* _ABOUT THIS TASK_
Print all records exactly, pictures left out.
#### AVAILABLE DATA ####
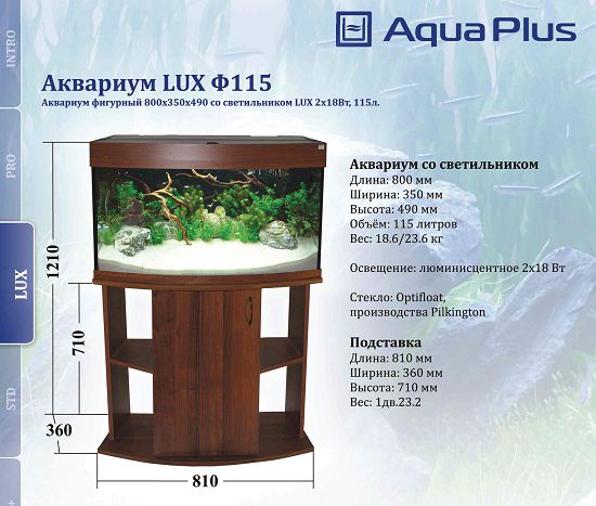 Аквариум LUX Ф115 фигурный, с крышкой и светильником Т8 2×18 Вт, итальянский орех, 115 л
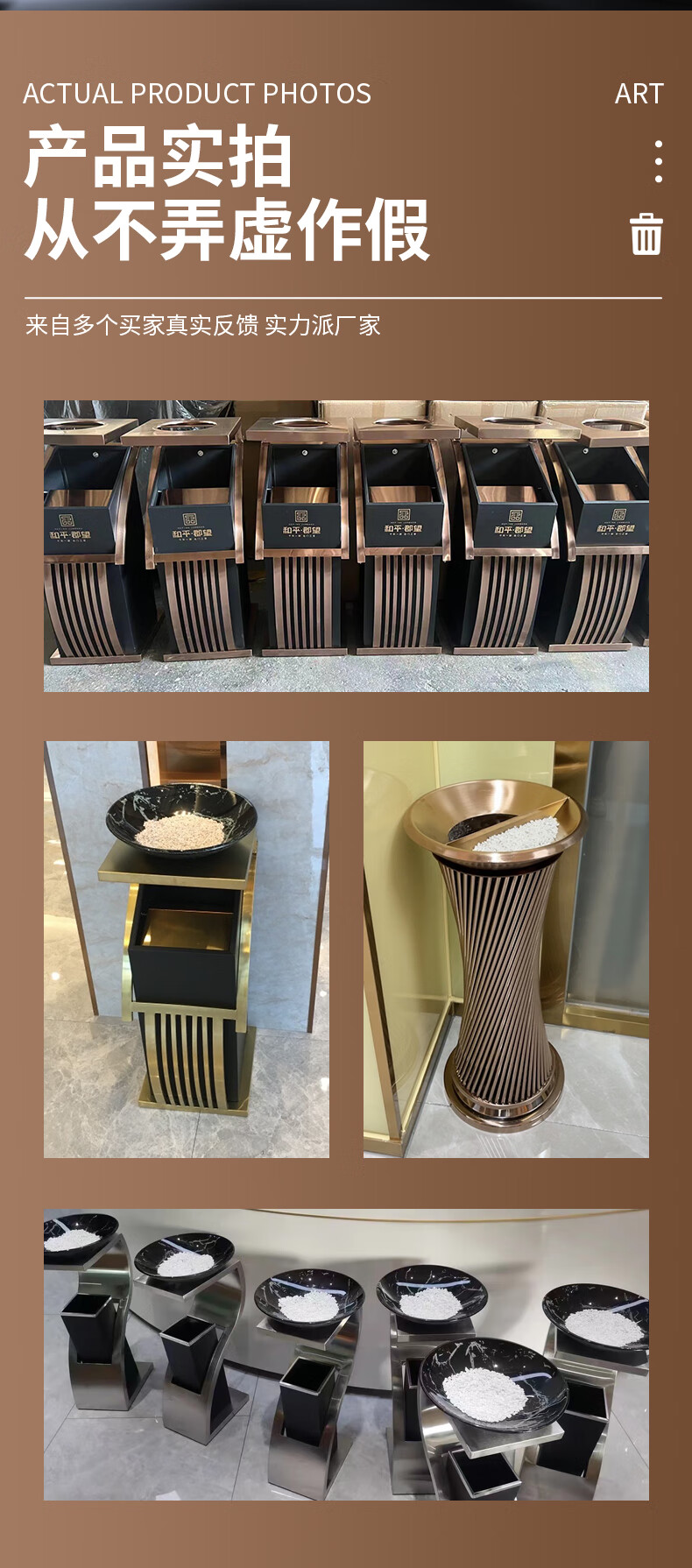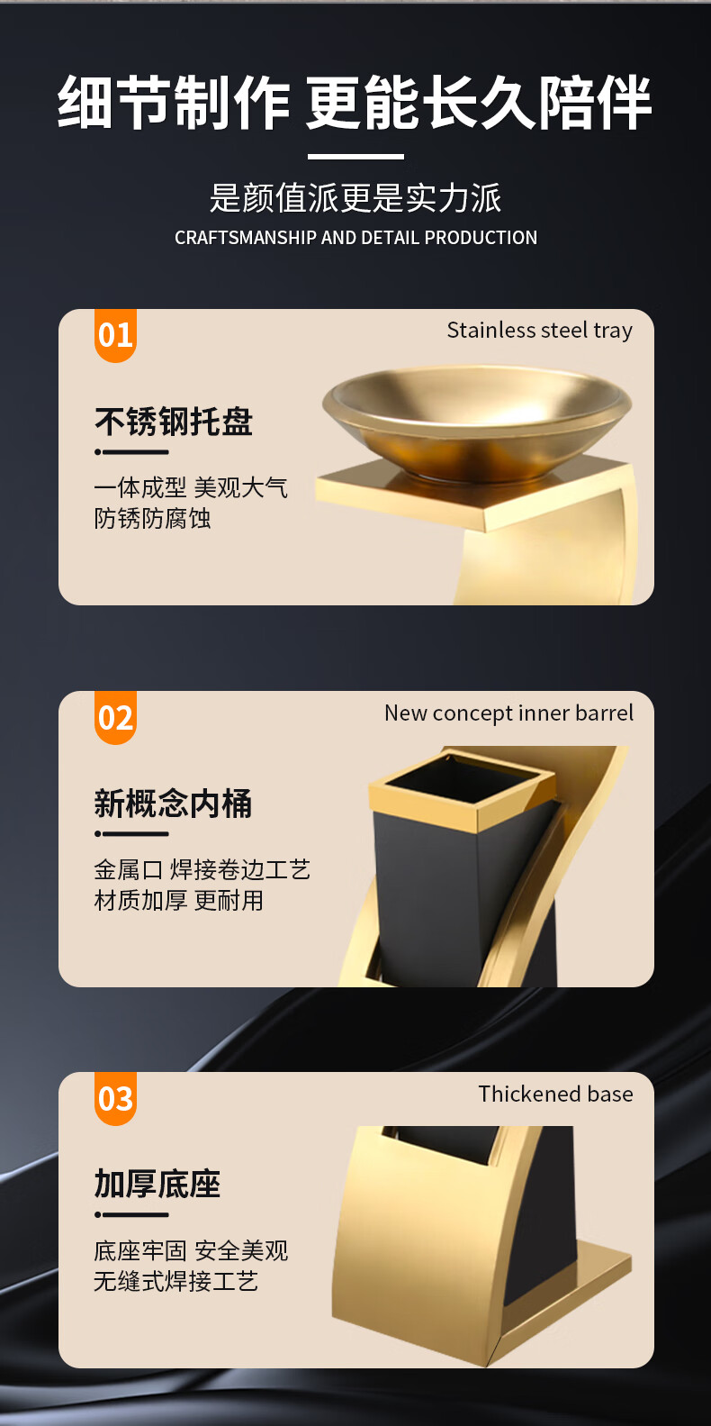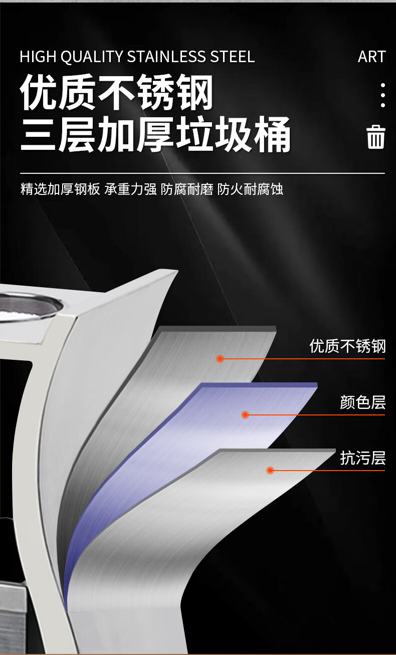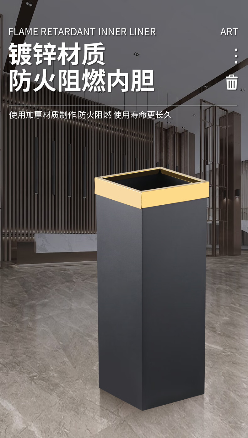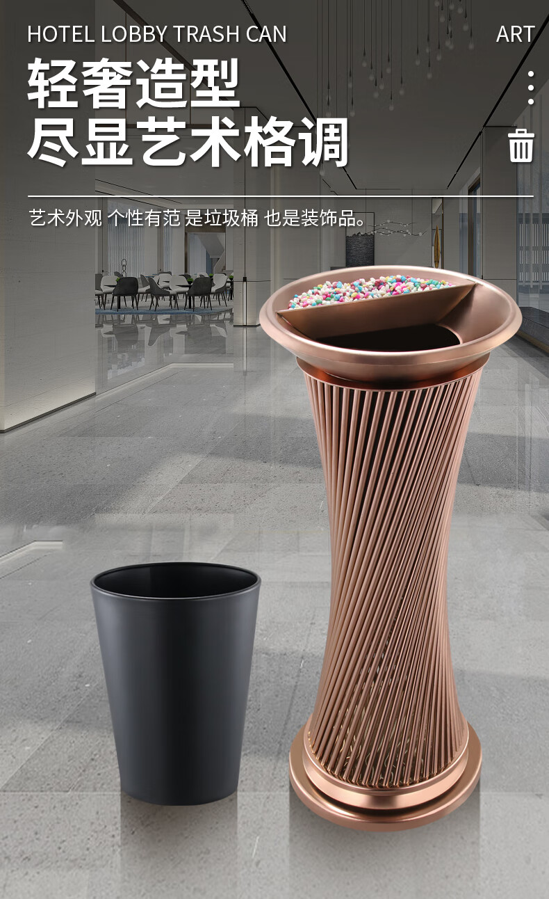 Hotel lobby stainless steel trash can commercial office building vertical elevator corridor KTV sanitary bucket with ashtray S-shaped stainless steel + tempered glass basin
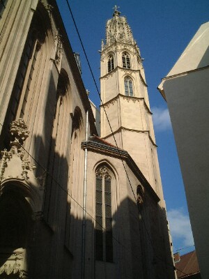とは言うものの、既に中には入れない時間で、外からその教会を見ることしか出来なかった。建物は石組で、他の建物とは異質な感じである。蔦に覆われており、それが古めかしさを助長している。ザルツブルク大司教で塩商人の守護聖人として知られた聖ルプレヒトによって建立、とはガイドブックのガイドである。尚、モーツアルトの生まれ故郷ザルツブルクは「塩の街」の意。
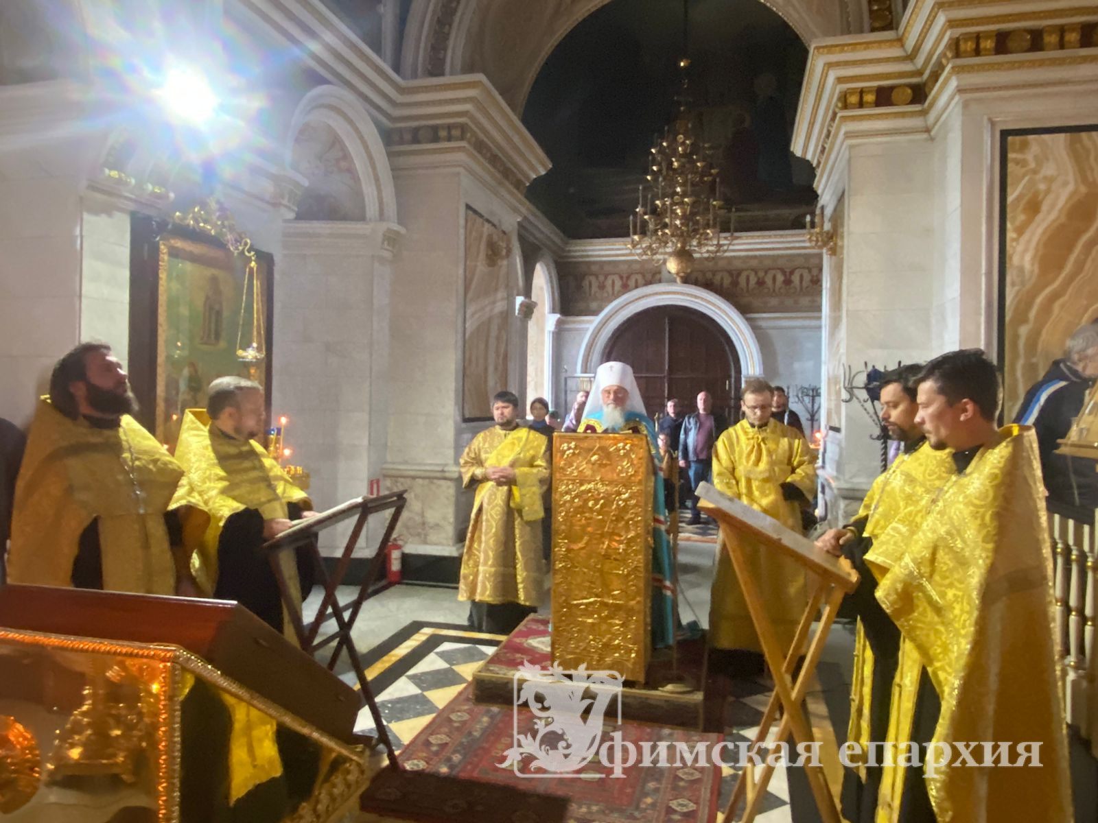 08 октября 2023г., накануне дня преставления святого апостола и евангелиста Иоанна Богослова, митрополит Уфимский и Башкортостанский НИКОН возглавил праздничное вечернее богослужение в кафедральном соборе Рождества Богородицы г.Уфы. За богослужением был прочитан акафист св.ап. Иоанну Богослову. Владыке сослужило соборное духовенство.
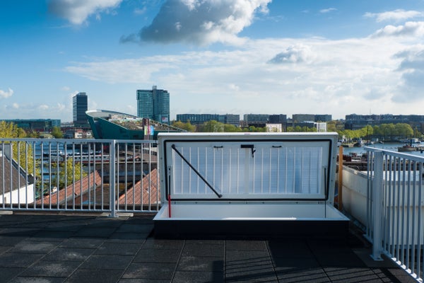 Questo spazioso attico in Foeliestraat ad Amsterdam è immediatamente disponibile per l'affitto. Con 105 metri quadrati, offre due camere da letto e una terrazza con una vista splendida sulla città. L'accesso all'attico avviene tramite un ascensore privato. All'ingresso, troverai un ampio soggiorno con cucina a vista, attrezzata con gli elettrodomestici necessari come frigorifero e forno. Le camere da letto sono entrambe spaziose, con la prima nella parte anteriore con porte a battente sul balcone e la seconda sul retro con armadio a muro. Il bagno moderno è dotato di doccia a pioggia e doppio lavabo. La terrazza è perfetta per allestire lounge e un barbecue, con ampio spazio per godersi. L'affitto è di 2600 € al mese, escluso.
####
* _RESPONSE AREA_
 Аквариум LUX Ф115 фигурный, с крышкой и светильником Т8 2×18 Вт, итальянский орех, 115 л
 Hotel lobby stainless steel trash can commercial office building vertical elevator corridor KTV sanitary bucket with ashtray S-shaped stainless steel + tempered glass basin
とは言うものの、既に中には入れない時間で、外からその教会を見ることしか出来なかった。建物は石組で、他の建物とは異質な感じである。蔦に覆われており、それが古めかしさを助長している。ザルツブルク大司教で塩商人の守護聖人として知られた聖ルプレヒトによって建立、とはガイドブックのガイドである。尚、モーツアルトの生まれ故郷ザルツブルクは「塩の街」の意。
 08 октября 2023г., накануне дня преставления святого апостола и евангелиста Иоанна Богослова, митрополит Уфимский и Башкортостанский НИКОН возглавил праздничное вечернее богослужение в кафедральном соборе Рождества Богородицы г.Уфы. За богослужением был прочитан акафист св.ап. Иоанну Богослову. Владыке сослужило соборное духовенство.
 Questo spazioso attico in Foeliestraat ad Amsterdam è immediatamente disponibile per l'affitto. Con 105 metri quadrati, offre due camere da letto e una terrazza con una vista splendida sulla città. L'accesso all'attico avviene tramite un ascensore privato. All'ingresso, troverai un ampio soggiorno con cucina a vista, attrezzata con gli elettrodomestici necessari come frigorifero e forno. Le camere da letto sono entrambe spaziose, con la prima nella parte anteriore con porte a battente sul balcone e la seconda sul retro con armadio a muro. Il bagno moderno è dotato di doccia a pioggia e doppio lavabo. La terrazza è perfetta per allestire lounge e un barbecue, con ampio spazio per godersi. L'affitto è di 2600 € al mese, escluso.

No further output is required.